In 1996, Veillon's executive council agreed to make a contribution of 35,000 Swiss Francs to AFXB to support its ongoing child welfare programmes, which included the implementation of the pilot monitoring programme of Veillon's principal suppliers in India. Prior to this, AFXB had received no compensation from Veillon. The executive council also approved AFXB's recommendation to support MALA, a non-profit foundation which had developed an innovative project for working children in the carpet-weaving region of India, providing basic education to the children, along with hot meals and basic health care.

Box 6.16. The World Federation of the Sporting Goods Industry

The World Federation of the Sporting Goods Industry (WPSGI) has made it a priority over the last few years to address child labour concerns. In August 1997, the WFSGI unveiled a model code of conduct which was developed by its Internal Committee on Ethics and Fair Trade. The provisions of this code include the following:

· member companies and the companies to which they subcontract should operate under full compliance with national and local laws, rules, and regulations relevant to their business operations;

· member companies should follow minimum labour standards regardless of the national legal framework, particularly in the areas of forced and child labour, non-discrimination in employment, freedom of association and collective bargaining;

· workers should be paid at least the minimum legal wage or a wage that is consistent with local industry standards, whichever is the greater. Wages should be paid directly to the worker in cash or an equivalent. Information relating to wages should be available to workers in an easily comprehensible form, and wage rates for overtime should be higher than the rates for regular hours of work. Employers should not require a work-week in excess of 60 hours, including overtime, on a regular basis. Workers should have at least 24 consecutive hours rest per week on a regular basis, and should benefit from annual paid leave; and

· member companies should take measures to ensure that no children are employed under 15 years of age (or 14 in countries with insufficiently developed economies and educational facilities), or children who are younger than the age for completing compulsory education if that age is higher than 15. No children should be involved in any employment which jeopardizes their educational, social or cultural development.

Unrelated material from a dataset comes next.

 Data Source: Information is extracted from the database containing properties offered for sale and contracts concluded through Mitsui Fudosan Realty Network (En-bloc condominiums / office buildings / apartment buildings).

The WFSGI also encouraged its members to draw up their own specific codes of ethical conduct, building upon the industry-wide framework.

The IOE takes the view that employers can be more effective in making a positive contribution towards international efforts to eliminate child labour by joining forces with broad national-based coalitions to raise awareness and to provide long-term solutions for working children and their families. The IOE has stated that it will continue to work closely with the ILO's Bureau for Employers' Activities and IPEC to identify best practices of employers in the area of child labour and to provide technical assistance for effective employer action programmes which attack the problem at its roots.

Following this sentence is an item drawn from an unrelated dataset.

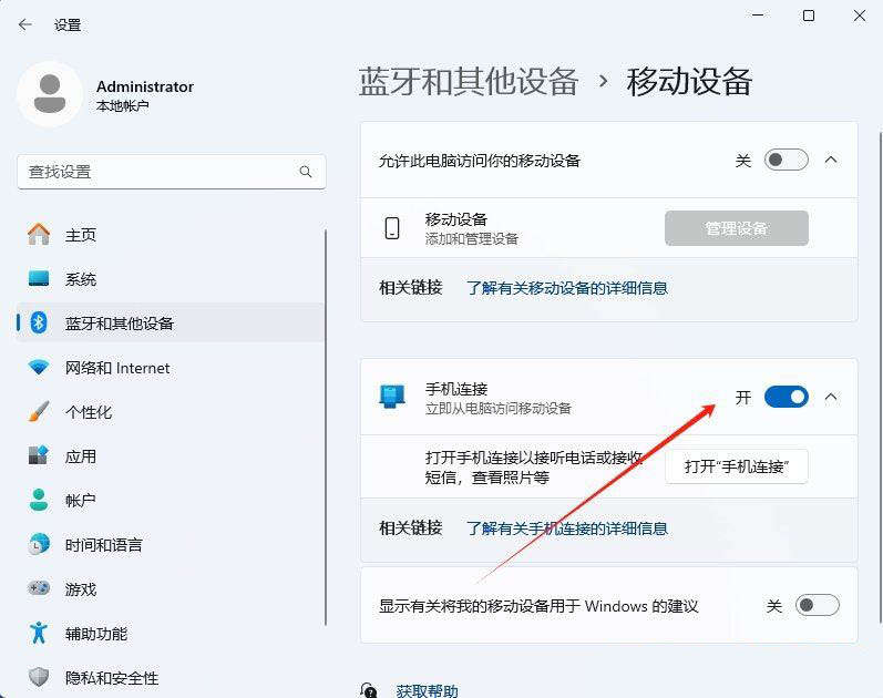 Win11 24H2系统自带的手机连接功能怎么打开使用?

Box 6.17. The Brazilian citrus fruit industry

In 1990, the Brazilian toy manufacturers established the Abrinq Foundation in collaboration with UNICEF to "ensure respect for the rights of the child in compliance with national and international standards". The Foundation aims to promote business involvement in proposals for addressing the commercial exploitation of children through political action in defence of children's rights and through the dissemination of exemplary business actions. As part of the strategy to combat child labour, Abrinq developed a "Child Friendly Corporation Seal" which is awarded to companies who do not employ children under the age of 14.

The Abrinq Foundation approached potential partners at the national level, among which was the Citrus Fruit Exporters (ABECITRUS). Following initial contact, ABECITRUS called for a meeting of its members to discuss with the Abrinq Working Group for Children and Adolescents the development of a campaign for the eradication of child labourers in the citrus fruit industry.

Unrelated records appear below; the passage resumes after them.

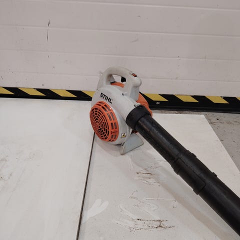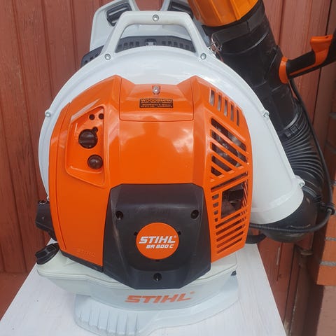 Uusi ja käyttämätön lehtipuhallin, ollut esittelykappale myymälässä.
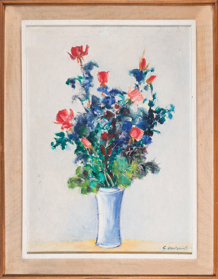Giovanni Omiccioli, Vaso di fiori.Olio su tela. cm 72x52. Firmato in...
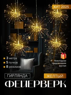 Гирлянда Фейерверк от сети, новогоднее украшение для дома
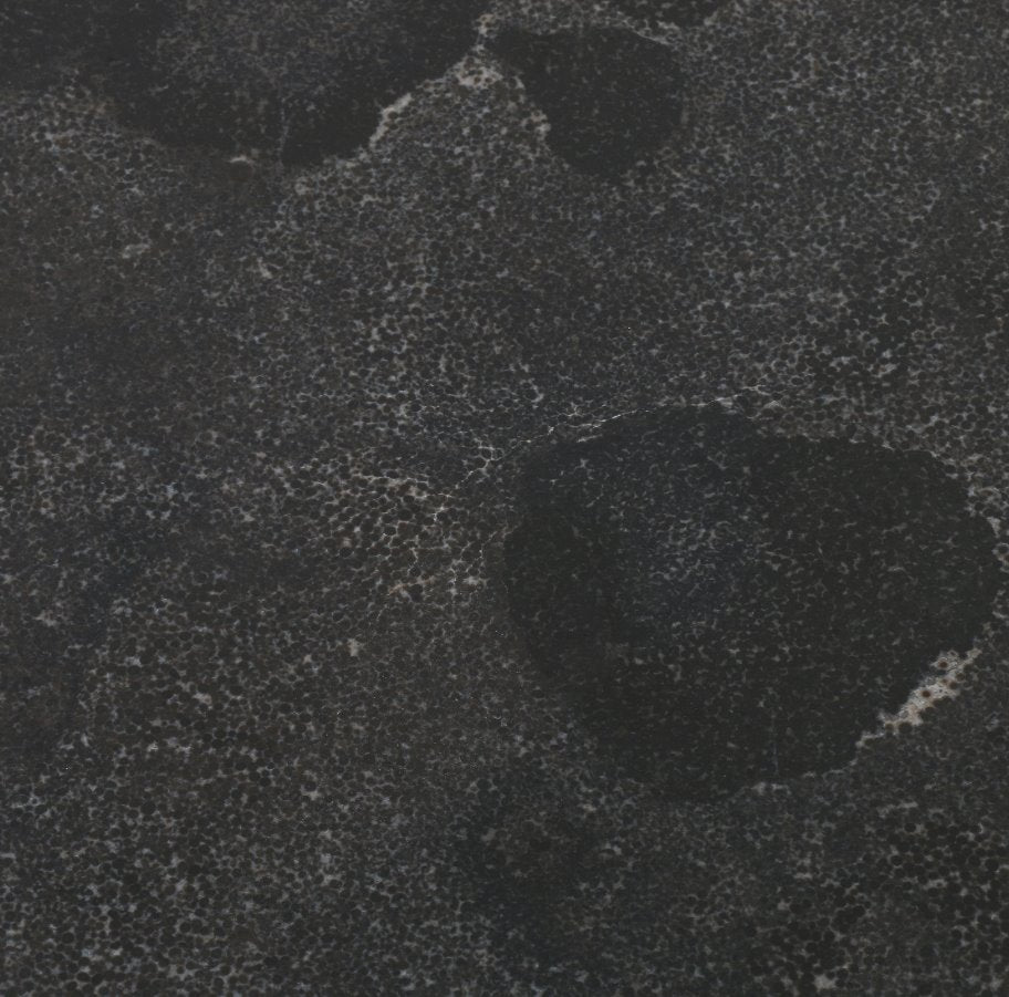 Un piètement tripode classique en fer noirci soutient un plateau arrondi en pierre bleue, ajoutant une touche d'élégance à un style fin et épuré.

On 28 May 1996, ABECITRUS signed a "Terms of Commitment" document with Abrinq and the State Government to collaborate with them in their campaign to eradicate child labour in rural activities and in their actions to provide schooling for all children and adolescents under the age of 14. In this agreement ABECITRUS and Abrinq agreed to:

· recommend to its associates that they require all suppliers and other components of the production network not to employ children in the production chain;

· initiate action to keep children at school;

· collaborate in the development of action to promote professional training for adolescents with a view to their integration into the formal job market; and

· lend support to the initiatives of the State Government, municipal councils and nongovernmental entities for joint participation in actions foreseen under the present commitment.

The Terms of Commitment indicated that failure to comply with these stipulations would result in the termination of business and service contracts.

ABECITRUS organized the First Mobilization Seminar for the Municipal Councils of Children and Adolescents' Rights - "Children Should be at School" - together with UNICEF, the ILO, the Abrinq Foundation, the Brazilian Municipal Administration Institute (IBAM) and the Municipal Council of the City of Araraquara in June 1996. The Araraquara Pact was signed on this occasion by 18 cities to support a programme for the progressive elimination of child labour in the citrus fruit-producing region of the State of SPaulo. This Pact, and the accompanying Plan for the Eradication of Child Labour in the Citrus Fruit Producing Region of the State of SPaulo, seeks to return children to school and to devise means to maintain them there, including complementary school programmes, family guidance programmes, and income-generation schemes.

For employers' organizations which become involved in the process of developing codes, the IOE suggests that they could usefully take the following steps:

· carry out a survey of what other codes on child labour exist in the country;
· prepare a study of existing codes in order to standardize industry strategies;
· provide assistance in the drafting of model voluntary codes;
· provide assistance with the implementation of verification procedures; and
· organize training courses for concerned parties in the implementation of these codes.


The examples in this report show that where employers' organizations are active players in local and national initiatives to combat child labour, they can be instrumental in raising society's awareness of the problem and can make valuable contributions to broad social alliances to provide long-term solutions. Over the long term, their actions can make a positive difference for the children toiling today in hazardous and exploitative working conditions in both the formal and the informal sectors. Several key lessons have been reported by employers taking action against child labour.3

3 Employers' handbook on child labour, op. cit.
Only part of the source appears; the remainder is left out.